*Activity*: Please set out each line below exactly as it stands, without the images.

[[ Material for this exercise, beginning ]]

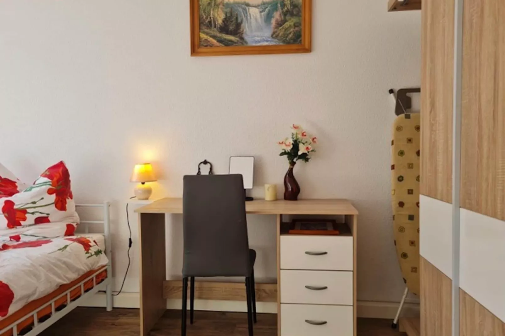 Dit gezellige appartement op de tweede verdieping ligt op slechts 2,9 km van het centrum van Zwickau en biedt praktisch comfort voor individuele reizigers, stellen of kleine groepen. De woonruimte is voorzien van een eenpersoons slaapbank en een flatscreen-tv, terwijl de keuken – uitgerust met een elektrische kookplaat met twee pitten, magnetron, koel-/vriescombinatie, koffiezetapparaat met capsules, broodrooster, waterkoker en eettafel voor vier personen – een eenvoudige maaltijd mogelijk maakt. De slaapkamer beschikt over een tweepersoonsbed en de badkamer is voorzien van een bad met douche, toilet, wastafel en föhn.
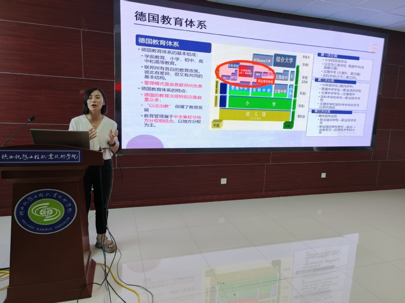 会上安排暑期赴德研修、教师赴企业生产性实践、1+X证书团队能力提升及轨道交通骨干团队培训班等7名教师代表上台发言,分别就各自参加培训项目的背景意义、活动安排、实践项目及收获成效方面进行细致汇报,以丰富多彩的内容展现培训成果,分享心得体会。据统计,暑期公司共计派出近80人次赴外开展培训交流活动,遍及国内外15地市,涉及党建交流、职教理念、虚拟仿真开发、信息化资源建设、行业先进技术、企业生产实践、特种装备制造等多个领域。
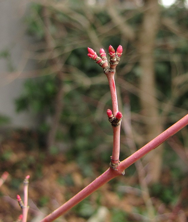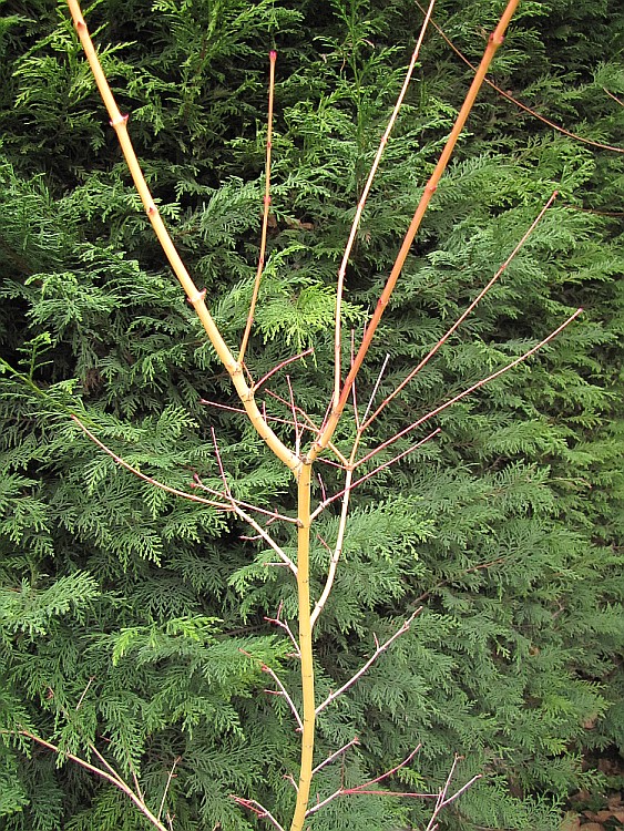 AprĂšs les jours de gel (-12.2 ici au plus fort), les branches les plus fines ont pris une couleur corail :
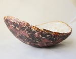 This sculptural paper mache bowl features a richly textured exterior with earthy, mineral-like tones, contrasted by a lighter interior. The irregular, organic rim gives the piece a natural, almost eroded form — reminiscent of stone shaped by time.
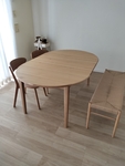 普段は4人家族で暮らしており、夫婦2人子ども2人で座るのには円形で十分です。お客様が来られる時だけ楕円形に伸ばして使っています。大人が2人いれば簡単に伸ばせますし、1人でもできます。省スペースで過ごせるので普段は部屋を広く使うことができます。6人でゆったりと座れますし、小さい子どもなどであれば詰めて横側に3人座ることもできます。間取り的にダイニングテーブルの位置は通路も兼ねているので普段は小さく収まっているのはとても有り難いです。お客様にもいつもびっくりされて、その机良いねといっていただけています。作りもしっかりしているのでとてもオススメです。どんどん値上がりしているので、検討されている方は早めに買った方がお得だと思います。シリーズの違うラタンの椅子と組み合わせて使ってますが似た色の木を使っているので統一感があるのもお気に入りのポイントです。
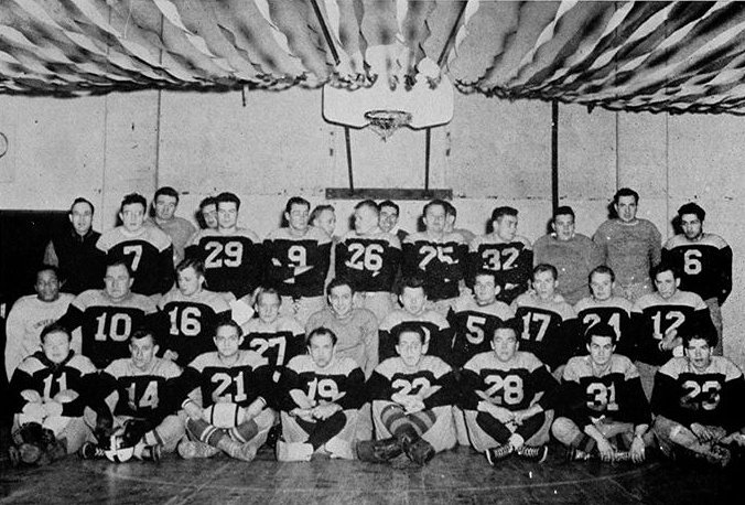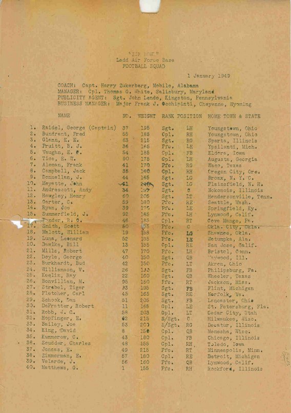 The biggest thrill for the crowd came late in the second quarter when Ladd halfback, Sgt. George Raidel, flipped a long pass from his 47-yard line to Sgt Ray Keelin, quarterback, who gloved it on the University 13-yard line and romped down the sidelines for what looked to be a touchdown. Sharpe-eyed officials, however noted that Keelin had left a footprint in the coal dust sideline at the 10-yard marker and brought the ball back to that point. Ladd then drove to the 7, but the end of the half halted the scoring threat.

[[ Material for this exercise, end ]]

*Task result*:
 Dit gezellige appartement op de tweede verdieping ligt op slechts 2,9 km van het centrum van Zwickau en biedt praktisch comfort voor individuele reizigers, stellen of kleine groepen. De woonruimte is voorzien van een eenpersoons slaapbank en een flatscreen-tv, terwijl de keuken – uitgerust met een elektrische kookplaat met twee pitten, magnetron, koel-/vriescombinatie, koffiezetapparaat met capsules, broodrooster, waterkoker en eettafel voor vier personen – een eenvoudige maaltijd mogelijk maakt. De slaapkamer beschikt over een tweepersoonsbed en de badkamer is voorzien van een bad met douche, toilet, wastafel en föhn.
 会上安排暑期赴德研修、教师赴企业生产性实践、1+X证书团队能力提升及轨道交通骨干团队培训班等7名教师代表上台发言,分别就各自参加培训项目的背景意义、活动安排、实践项目及收获成效方面进行细致汇报,以丰富多彩的内容展现培训成果,分享心得体会。据统计,暑期公司共计派出近80人次赴外开展培训交流活动,遍及国内外15地市,涉及党建交流、职教理念、虚拟仿真开发、信息化资源建设、行业先进技术、企业生产实践、特种装备制造等多个领域。
 AprĂšs les jours de gel (-12.2 ici au plus fort), les branches les plus fines ont pris une couleur corail :
 This sculptural paper mache bowl features a richly textured exterior with earthy, mineral-like tones, contrasted by a lighter interior. The irregular, organic rim gives the piece a natural, almost eroded form — reminiscent of stone shaped by time.
 普段は4人家族で暮らしており、夫婦2人子ども2人で座るのには円形で十分です。お客様が来られる時だけ楕円形に伸ばして使っています。大人が2人いれば簡単に伸ばせますし、1人でもできます。省スペースで過ごせるので普段は部屋を広く使うことができます。6人でゆったりと座れますし、小さい子どもなどであれば詰めて横側に3人座ることもできます。間取り的にダイニングテーブルの位置は通路も兼ねているので普段は小さく収まっているのはとても有り難いです。お客様にもいつもびっくりされて、その机良いねといっていただけています。作りもしっかりしているのでとてもオススメです。どんどん値上がりしているので、検討されている方は早めに買った方がお得だと思います。シリーズの違うラタンの椅子と組み合わせて使ってますが似た色の木を使っているので統一感があるのもお気に入りのポイントです。
 The biggest thrill for the crowd came late in the second quarter when Ladd halfback, Sgt. George Raidel, flipped a long pass from his 47-yard line to Sgt Ray Keelin, quarterback, who gloved it on the University 13-yard line and romped down the sidelines for what looked to be a touchdown. Sharpe-eyed officials, however noted that Keelin had left a footprint in the coal dust sideline at the 10-yard marker and brought the ball back to that point. Ladd then drove to the 7, but the end of the half halted the scoring threat.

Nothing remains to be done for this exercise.